## Work task
Using the records below, repeat exactly the lines from the one holding "取引先所有者で取引先をグルー" through the one holding "院党组成员、副院长陈光俊、侯", both ends included, and no others.

## Source records
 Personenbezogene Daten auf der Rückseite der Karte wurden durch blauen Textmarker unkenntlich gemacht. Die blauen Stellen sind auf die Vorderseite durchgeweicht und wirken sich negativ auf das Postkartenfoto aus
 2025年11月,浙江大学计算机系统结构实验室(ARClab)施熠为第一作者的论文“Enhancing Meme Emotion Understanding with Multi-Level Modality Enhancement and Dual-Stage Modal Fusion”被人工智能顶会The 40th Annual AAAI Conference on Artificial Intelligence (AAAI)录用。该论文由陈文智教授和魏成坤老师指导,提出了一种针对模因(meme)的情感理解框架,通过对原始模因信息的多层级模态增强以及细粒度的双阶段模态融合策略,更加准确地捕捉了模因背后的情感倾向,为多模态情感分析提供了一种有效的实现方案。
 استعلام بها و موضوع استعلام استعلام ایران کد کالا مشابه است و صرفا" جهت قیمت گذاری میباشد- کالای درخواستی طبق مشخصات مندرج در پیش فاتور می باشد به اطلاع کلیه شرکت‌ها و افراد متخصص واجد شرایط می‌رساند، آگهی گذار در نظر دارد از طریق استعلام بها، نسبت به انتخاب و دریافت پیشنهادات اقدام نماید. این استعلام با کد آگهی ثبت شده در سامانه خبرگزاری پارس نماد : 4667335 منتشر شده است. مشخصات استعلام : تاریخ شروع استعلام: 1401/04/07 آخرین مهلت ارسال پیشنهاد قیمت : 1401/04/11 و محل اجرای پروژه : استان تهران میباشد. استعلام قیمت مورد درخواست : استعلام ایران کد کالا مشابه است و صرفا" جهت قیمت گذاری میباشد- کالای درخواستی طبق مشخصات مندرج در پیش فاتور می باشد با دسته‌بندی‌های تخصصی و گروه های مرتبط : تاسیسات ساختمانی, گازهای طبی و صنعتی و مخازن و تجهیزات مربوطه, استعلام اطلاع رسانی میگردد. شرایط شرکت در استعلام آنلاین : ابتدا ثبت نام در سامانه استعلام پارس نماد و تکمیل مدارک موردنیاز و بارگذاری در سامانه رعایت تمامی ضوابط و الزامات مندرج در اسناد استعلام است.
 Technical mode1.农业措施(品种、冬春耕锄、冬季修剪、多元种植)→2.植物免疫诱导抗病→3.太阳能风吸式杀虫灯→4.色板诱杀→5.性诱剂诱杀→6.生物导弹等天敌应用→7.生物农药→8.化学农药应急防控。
...
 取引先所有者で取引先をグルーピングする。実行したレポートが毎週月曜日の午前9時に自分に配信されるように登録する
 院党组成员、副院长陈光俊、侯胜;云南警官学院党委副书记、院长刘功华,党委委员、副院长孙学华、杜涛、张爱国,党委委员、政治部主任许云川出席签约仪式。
---
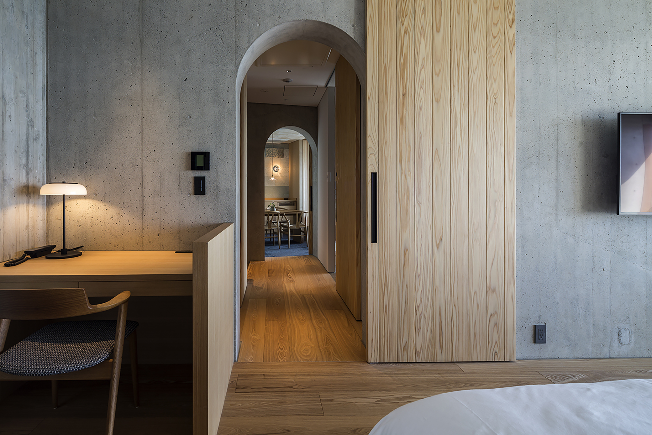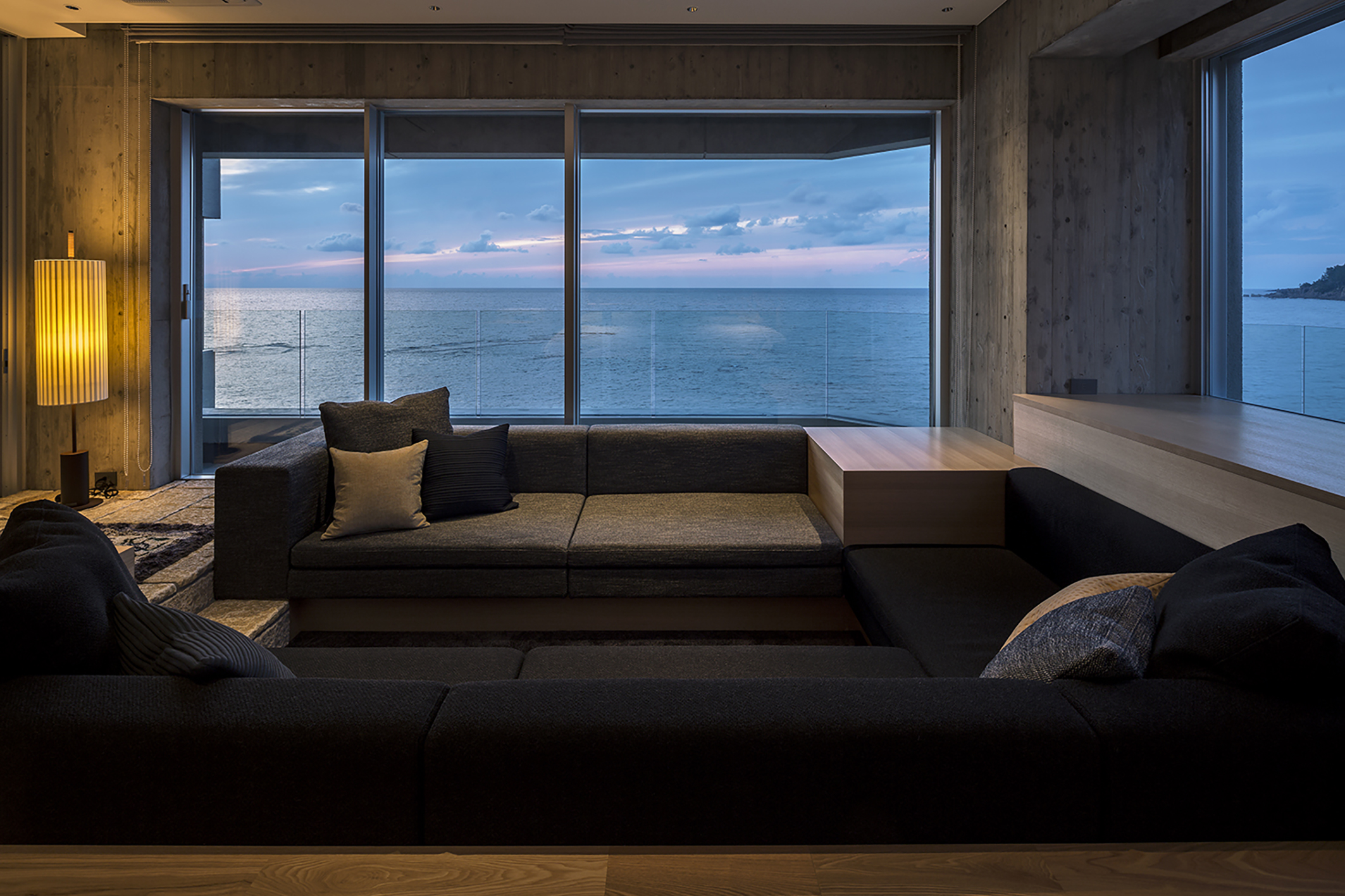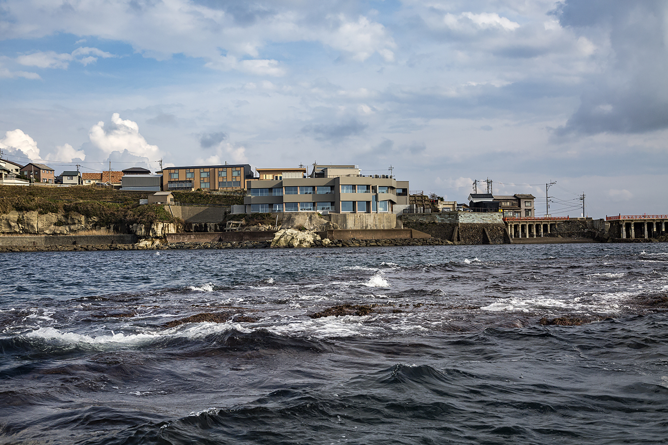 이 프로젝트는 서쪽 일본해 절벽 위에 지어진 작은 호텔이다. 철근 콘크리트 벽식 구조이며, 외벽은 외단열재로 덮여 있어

## Response area
 取引先所有者で取引先をグルーピングする。実行したレポートが毎週月曜日の午前9時に自分に配信されるように登録する
 院党组成员、副院长陈光俊、侯胜;云南警官学院党委副书记、院长刘功华,党委委员、副院长孙学华、杜涛、张爱国,党委委员、政治部主任许云川出席签约仪式。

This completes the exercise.